Perhaps, but $2K is pretty much the roof of the _entire_ Fender fleet, (short of a VK and 1 or 2 others). Also, it seems that most owners of Z's have purchased them used - those sub-$2K prices cannot be compared with new stuff of other brands. The emphasis on 'hand-wired' is implying _quality_ of some degree. There is no real relationship between hand-wired (aka point-to-point) wiring, versus PCB machine-assembled circuits, as far as quality is concerned, _*if*_ the Q/A controls are in place. Component selection, post-assembly testing, and examination are the deciding criteria.
My question was intended to be focused on sonic quality, not so much reliability, or customer support.
Why would I wish to spend $2K-plus on new Z gear when I've eclipsed the sweet spot on premium Fender stuff such as DRRI, Super Reverb, Twin Reverb, etc.? I believe that if you start with clean, you can add dirt with pedals, but no one has yet invented a 'clean' pedal AFAIK, so MESA's, et al, don't do anything for me.
When you hear Fender clean, it's hard to imagine anything cleaner.


----------



## bluzfish (Mar 12, 2011)

In my humble opinion, it's all a matter of humble opinion. To some, clean is clean, so lets just get on and play. To others, certain amps have specific nuances that they like to play to. For example, I know players that insist that alnico speaker magets contribute a great deal to how they play but I'm afraid I just don't hear it the way that they do.

That being said, I have been through many different amps even in the same brand to find the type of sound I was looking for. I've rejected amps others swear by. I now have what I was looking for. Why? I guess I can't really describe it without also describing the amps I've rejected. Go figure.


----------



## vadsy (Dec 2, 2010)

Fender amps are like Boss pedals, you see and hear them everywhere but some folks prefer to start with em and usually move up and on, although they are a go to for so many live venues. Still, I find a high percentage of what I've tried and played from current production Fender leaves something to be desired whereas a Dr. Z sounds awesome to me right from the get go. When I've bought used Fenders, and I've only bought them used, it's well below what new cost is and that says to me they depreciate quicker than a Z does, it's kinda like the Boss pedals again, $120 new means $40 to $60 used. The other thing is you can find them anywhere at anytime whereas a Z is far and few on the used market, plus they don't last long. So then when I get a Fender home and I start thinking what needs modding because I feel like something is missing sound wise I open it up and replace with parts that come stock on a Z and on a point to point if anything needs fixing even with my limited knowledge I can figure it out but a PCB amp often makes it tougher. Mass production, sketchy Q&C, garbage bottom of the barrel tubes all pushed by a name that is an established cash cow but the vintage Fender stuff, that's clearly a different story.

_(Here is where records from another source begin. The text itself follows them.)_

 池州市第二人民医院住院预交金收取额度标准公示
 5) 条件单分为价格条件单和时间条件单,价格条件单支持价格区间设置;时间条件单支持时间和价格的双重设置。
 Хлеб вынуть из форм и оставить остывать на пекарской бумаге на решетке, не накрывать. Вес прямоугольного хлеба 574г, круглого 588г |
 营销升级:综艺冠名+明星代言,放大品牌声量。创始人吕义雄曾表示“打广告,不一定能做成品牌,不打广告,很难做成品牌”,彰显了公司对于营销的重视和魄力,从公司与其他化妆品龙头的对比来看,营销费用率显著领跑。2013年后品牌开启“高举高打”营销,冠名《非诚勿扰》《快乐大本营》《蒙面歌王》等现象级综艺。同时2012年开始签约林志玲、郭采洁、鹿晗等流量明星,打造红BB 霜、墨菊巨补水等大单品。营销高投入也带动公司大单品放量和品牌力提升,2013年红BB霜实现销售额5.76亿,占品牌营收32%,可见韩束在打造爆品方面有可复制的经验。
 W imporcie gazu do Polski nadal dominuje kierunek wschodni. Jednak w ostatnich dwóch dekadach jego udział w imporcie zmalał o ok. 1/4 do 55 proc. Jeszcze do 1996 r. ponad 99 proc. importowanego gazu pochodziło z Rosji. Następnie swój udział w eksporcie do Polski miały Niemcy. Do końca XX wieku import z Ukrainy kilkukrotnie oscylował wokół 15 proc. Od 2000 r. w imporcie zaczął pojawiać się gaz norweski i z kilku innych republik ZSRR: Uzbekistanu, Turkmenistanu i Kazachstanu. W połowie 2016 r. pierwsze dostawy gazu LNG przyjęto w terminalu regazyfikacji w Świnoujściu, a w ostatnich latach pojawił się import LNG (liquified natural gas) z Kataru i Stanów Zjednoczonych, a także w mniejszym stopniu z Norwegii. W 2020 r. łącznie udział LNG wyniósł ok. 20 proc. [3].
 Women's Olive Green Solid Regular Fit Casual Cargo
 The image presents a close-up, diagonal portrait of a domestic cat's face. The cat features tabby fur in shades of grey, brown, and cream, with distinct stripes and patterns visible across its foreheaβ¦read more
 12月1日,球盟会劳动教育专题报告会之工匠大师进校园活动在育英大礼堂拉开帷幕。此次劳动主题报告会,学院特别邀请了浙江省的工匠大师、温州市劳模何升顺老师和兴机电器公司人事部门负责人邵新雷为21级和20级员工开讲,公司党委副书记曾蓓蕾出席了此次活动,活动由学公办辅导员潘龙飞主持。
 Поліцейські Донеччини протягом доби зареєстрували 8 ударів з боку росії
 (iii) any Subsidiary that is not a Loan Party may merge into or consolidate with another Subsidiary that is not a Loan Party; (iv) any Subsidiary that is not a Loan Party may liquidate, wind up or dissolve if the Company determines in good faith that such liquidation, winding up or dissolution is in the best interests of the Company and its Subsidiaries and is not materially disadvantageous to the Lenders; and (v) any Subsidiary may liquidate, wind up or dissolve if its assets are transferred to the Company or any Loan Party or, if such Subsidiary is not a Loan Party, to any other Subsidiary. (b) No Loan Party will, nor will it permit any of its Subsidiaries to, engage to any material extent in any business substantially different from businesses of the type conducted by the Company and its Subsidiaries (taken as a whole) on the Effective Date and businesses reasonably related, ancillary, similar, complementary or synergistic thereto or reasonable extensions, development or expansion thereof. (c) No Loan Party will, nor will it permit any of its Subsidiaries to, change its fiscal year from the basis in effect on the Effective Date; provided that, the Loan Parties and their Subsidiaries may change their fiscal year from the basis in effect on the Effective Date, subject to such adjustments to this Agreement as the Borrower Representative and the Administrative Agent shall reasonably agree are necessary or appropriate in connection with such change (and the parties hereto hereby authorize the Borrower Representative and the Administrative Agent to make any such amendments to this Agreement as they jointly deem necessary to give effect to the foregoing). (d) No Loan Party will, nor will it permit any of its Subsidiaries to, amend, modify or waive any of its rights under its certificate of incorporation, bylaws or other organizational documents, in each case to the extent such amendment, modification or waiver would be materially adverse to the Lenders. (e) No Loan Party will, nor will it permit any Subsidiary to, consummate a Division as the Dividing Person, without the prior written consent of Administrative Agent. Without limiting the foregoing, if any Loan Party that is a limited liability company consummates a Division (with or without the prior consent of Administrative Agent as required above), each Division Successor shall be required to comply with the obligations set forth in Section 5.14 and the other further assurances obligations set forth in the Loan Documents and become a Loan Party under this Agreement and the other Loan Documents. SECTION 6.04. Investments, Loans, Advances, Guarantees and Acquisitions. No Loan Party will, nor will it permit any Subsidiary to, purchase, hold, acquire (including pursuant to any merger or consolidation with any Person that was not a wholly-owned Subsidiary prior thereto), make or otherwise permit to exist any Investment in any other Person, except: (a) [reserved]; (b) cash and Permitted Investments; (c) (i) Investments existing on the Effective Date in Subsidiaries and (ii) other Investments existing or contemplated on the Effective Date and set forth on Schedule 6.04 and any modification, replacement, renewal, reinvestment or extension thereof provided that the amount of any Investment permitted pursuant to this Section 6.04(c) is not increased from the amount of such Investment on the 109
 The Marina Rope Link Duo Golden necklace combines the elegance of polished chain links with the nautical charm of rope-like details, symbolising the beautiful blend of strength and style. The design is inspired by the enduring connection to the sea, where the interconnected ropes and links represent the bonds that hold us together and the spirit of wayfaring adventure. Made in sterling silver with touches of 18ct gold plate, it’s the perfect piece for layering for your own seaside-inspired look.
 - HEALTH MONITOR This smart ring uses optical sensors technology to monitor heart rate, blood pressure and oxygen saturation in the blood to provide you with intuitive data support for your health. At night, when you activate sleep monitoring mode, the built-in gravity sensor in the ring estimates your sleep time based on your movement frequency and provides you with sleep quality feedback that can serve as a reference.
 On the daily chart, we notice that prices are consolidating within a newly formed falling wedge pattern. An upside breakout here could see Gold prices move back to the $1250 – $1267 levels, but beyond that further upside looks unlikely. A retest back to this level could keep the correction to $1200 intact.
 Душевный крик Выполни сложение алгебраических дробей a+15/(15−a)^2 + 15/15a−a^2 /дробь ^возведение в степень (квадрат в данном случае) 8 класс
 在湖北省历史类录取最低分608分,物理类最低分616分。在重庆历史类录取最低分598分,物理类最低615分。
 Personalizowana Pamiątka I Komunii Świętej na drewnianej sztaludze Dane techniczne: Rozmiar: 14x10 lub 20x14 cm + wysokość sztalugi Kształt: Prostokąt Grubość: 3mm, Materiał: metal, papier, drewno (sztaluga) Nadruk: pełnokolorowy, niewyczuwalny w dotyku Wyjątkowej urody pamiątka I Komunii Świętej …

I don't want completely put out stock Fenders as most usually have great cleans and I do believe this is where they shine. I use a Fender mostly for a clean sound but modded the tone stack and caps, etc. for a slightly more appealing to me tone. I did find that pushing the amp and using some pedals made me want to further mod it, so I did that as well eventually and I'm very happy with it. Another thing, I'm not a high gain guy but I really did like the Lonestar Special and the Mark 5 from Mesa. They both had really great chimey cleans and I held onto the Mark for a while but eventually got tired of the million options and not suiting my taste in drives.


----------



## Alex (Feb 11, 2006)

Picked up a Z-Wreck - sounds really good. worth every penny.


----------



## 4345567 (Jun 26, 2008)

__________


----------



## jmb2 (May 18, 2009)

Dr Z Amps. Small shop. Custom designed and built in Maple Heights, Ohio. Lotsa care, attention and tone are loaded into each one _imho_. Have had the good fortune to visit there several times in the past few years. My first Z amp was a Z-28 head with 210 cab - still at the core of my sound, 5 years and counting.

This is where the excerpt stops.